Every step along the way to fill in the values is linear in the number of values filled in, so O(N^2) just like the much simpler solution proposed by the contest analysis.
Q3) Given a directed graph where every node has exactly one outgoing edge, determine the maximum number of nodes that can be placed in a circle such that every element in the circle is directly connected to one of its neighbouring elements.
A3) Despite this problem being worth the most number of points – I found it to be conceptually the easiest. Yes even easier than the first problem. That being said the implementation is a pain, even worse than my extra complicated option for Q2 large input size.
So the problem has two pretty straight forward cases.

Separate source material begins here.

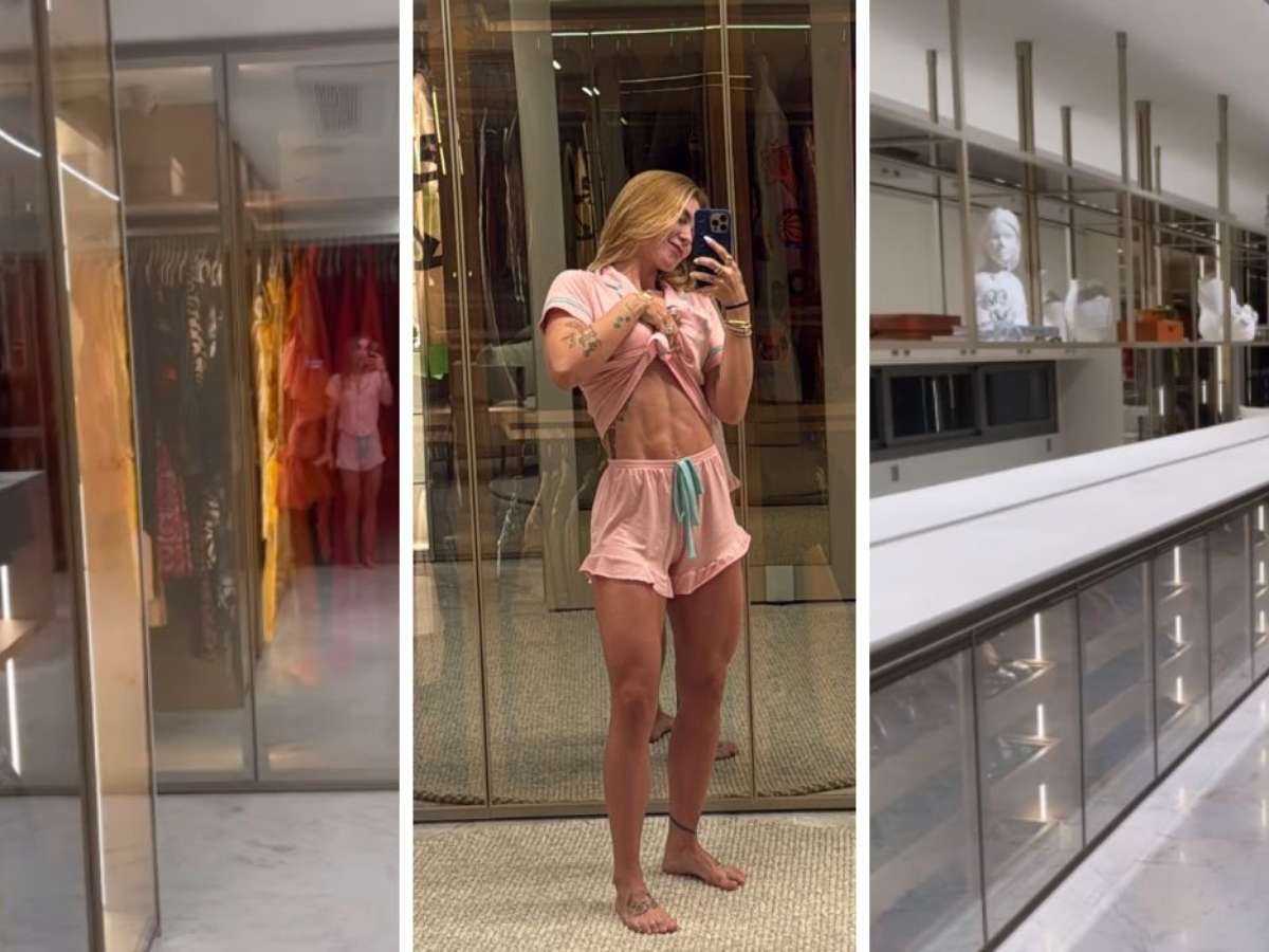 "Closet está finalmente pronto. Que coisa mais linda", celebrou ela, que ainda fez uma selfie no local em que exibe sua barriga sarada - segundo ela, fruto de seu empenho na academia e das cirurgias estéticas.

Option 1, the circle is fully connected. Since each node has exactly one out going edge, this implies a cycle of some length. So step one is to find the largest cycle. That’s one possible answer. Having found all cycles we’ll throw away them or any nodes that are connected to them if the cycle length is greater than 2.
All of the remaining nodes form pairs of trees pointing to a cycle of length 2. Option 2 is to take the longest path to each side of that cycle, sum those together, then sum across all such connected components, this is the alternative answer. This represents taking all the longest fully connected lines and placing them into a circle. Return the largest of Option 1 and Option 2.
Depth first search will identify all the connected components in linear time, it will also identify the longest cycle in linear time. A second depth first search on each connected component with cycle length of 2 will find the longest path to the cycle in linear time too if you keep track of path depth and destination to avoid recalculation when your depth first search finds somewhere you’ve searched before when starting from a new possible deepest node. Or reverse the direction of the arrows and just do a standard height of tree calculation.